Branching out on your own? Consider your legal duty to loyalty first.
Reprinted with permission of Upstate Business Journal
In the 1880s, Thomas Edison hired a young Serbian, Nikola Tesla. Edison was developing his direct current (DC) system for power distribution, a revolutionary concept that allowed high voltages of electricity to be transmitted from the generation source to distant communities. Tesla believed he could develop a better method known as alternating current (AC).
While employed by Edison, Tesla developed the AC technology and, after a falling out with Edison, took the technology with him, sold it for $1,000,000 to George Westinghouse, and assisted Westinghouse in competing with Edison in the market for power distribution. Tesla and Westinghouse won, and AC has supplied power to homes and businesses for well over a century.
A Tesla-like success story would never happen today. In order to be hired, Tesla would have to agree to sign voluminous invention, trade secret agreements and restrictive covenants. As soon as Tesla’s employment ended, his employer would threaten to sue him if he violated the boilerplate (and often vague) agreements. If Tesla competed, he and his employer would become embroiled in costly and lengthy litigation.
Protecting rights on both sides
The legal issues related to employees competing with current and former employers are multifaceted. The law attempts to balance the legitimate rights of each party, but it rarely resolves cases quickly or provides parties with clear guidance at the outset. Employers certainly have a reasonable expectation that their legitimate trade secrets will not be stolen, or that employees will not undermine them while employed. Employees, on the other hand, have a legitimate right to pursue their chosen profession or trade. These interests often are difficult for courts to balance and ensuing litigation can be expensive and draining for all parties involved.
This three-part series will explore the basic legal principles involved in employee competition in South Carolina. It will provide practical steps both business owners and employees can take to protect their respective interests and improve their ability to prevail in court, if necessary. In this segment, we will explore the common-law duty of loyalty that governs what employees may and may not do while still employed.
No clear lines of competition
South Carolina law recognizes that, while employed, an employee owes his employer a duty of loyalty. The main cases defining this duty arise in the context of an employee competing directly while employed. In simple terms, the duty of loyalty prevents an employee from engaging in actual competition with his or her current employer.
During employment, employees may take certain preparatory steps to start a new business without breaching the duty of loyalty. The courts have recognized such steps to include forming a new entity, leasing space, and obtaining letterhead and cards. The key is that they may not actually compete. This would include, for example, intimating to a customer that the employee will get it a better deal if it can just “wait a couple weeks until I make my move.”

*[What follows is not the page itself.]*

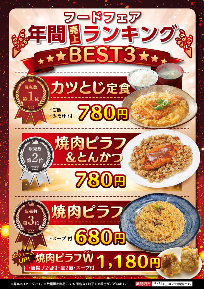 フードフェア 年間売上ランキング2026.04.6フードフェア 年間売上ランキング!BEST3 第1位 カツとじ定食 ●ご飯・味噌汁付 ・・・780円第2位 焼肉ピラフ&とんかつ ・・・780円第3位 焼肉ピラフ ●スープ付 ・・・680円ボリュームアップ! 焼肉ピラフW ●唐揚げ2個、量2倍、スープ付 ・・・1,180円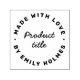 Enkel snyggt "tillverkad med kärlek" hememad eller handgjord frimärke för ditt småföretag eller hemmabruk eller bageriprodukter (t.ex. sylt, geléer, skorstenar eller andra hemgjorda varor tillverkade med kärlek). Utformningen har fet retroblock och handskriven typsnitt i svart. Texten i modern minimalistisk typografi kan lätt vara personlig med ditt eget ord, produktslag eller datum för en verkligt skräddarsydd text och en av en vänlig gåva eller konservering/produkt frimärke för ditt småföretag.

Context matters greatly in these cases and what may be permissible in one case can still bog litigants down in factual disputes. For example, some courts have stated that it is not a breach of the duty of loyalty for an employee to merely notify customers that he is leaving employment and relate his future whereabouts. However, soliciting business for a future employer, while still employed, is a breach.
The lines are rarely clear and while an employee may argue that no real solicitation occurred during a certain conversation, an angry employer is unlikely to accept that assertion at face value. At times, the only way to resolve such disputes is to involve the customer, and customers often hate to be dragged into such disputes.
A judge will sometimes view the scope of the duty of loyalty differently depending on the employee involved. An hourly employee looking to ply his trade, for example, is likely to be viewed very differently from a high-ranking manager. This is simply a practical application of the principle that individuals higher up in the ranks have a greater opportunity to cause real harm than do, for example, tradespeople simply seeking a better wage.
As a practical matter, courts also look at the employee’s actions during employment, as well as actions taken after employment ended, to ascertain intent. Many judges seek to determine whether the departing employee’s actions were calculated to harm the employer, or whether the departing employee was merely exercising his right to work in a chosen field.
The duty of loyalty ends when employment terminates. After the employee and employer part ways, the employee is generally free to compete directly with the employer. There are two common restrictions on this right. The first is contractual restrictive covenants (commonly referred to as “covenants not to compete” and “non-solicit agreements”). The second is the protection the law provides for trade secrets even in the absence of a written agreement. Both of these topics will be discussed in our next segment.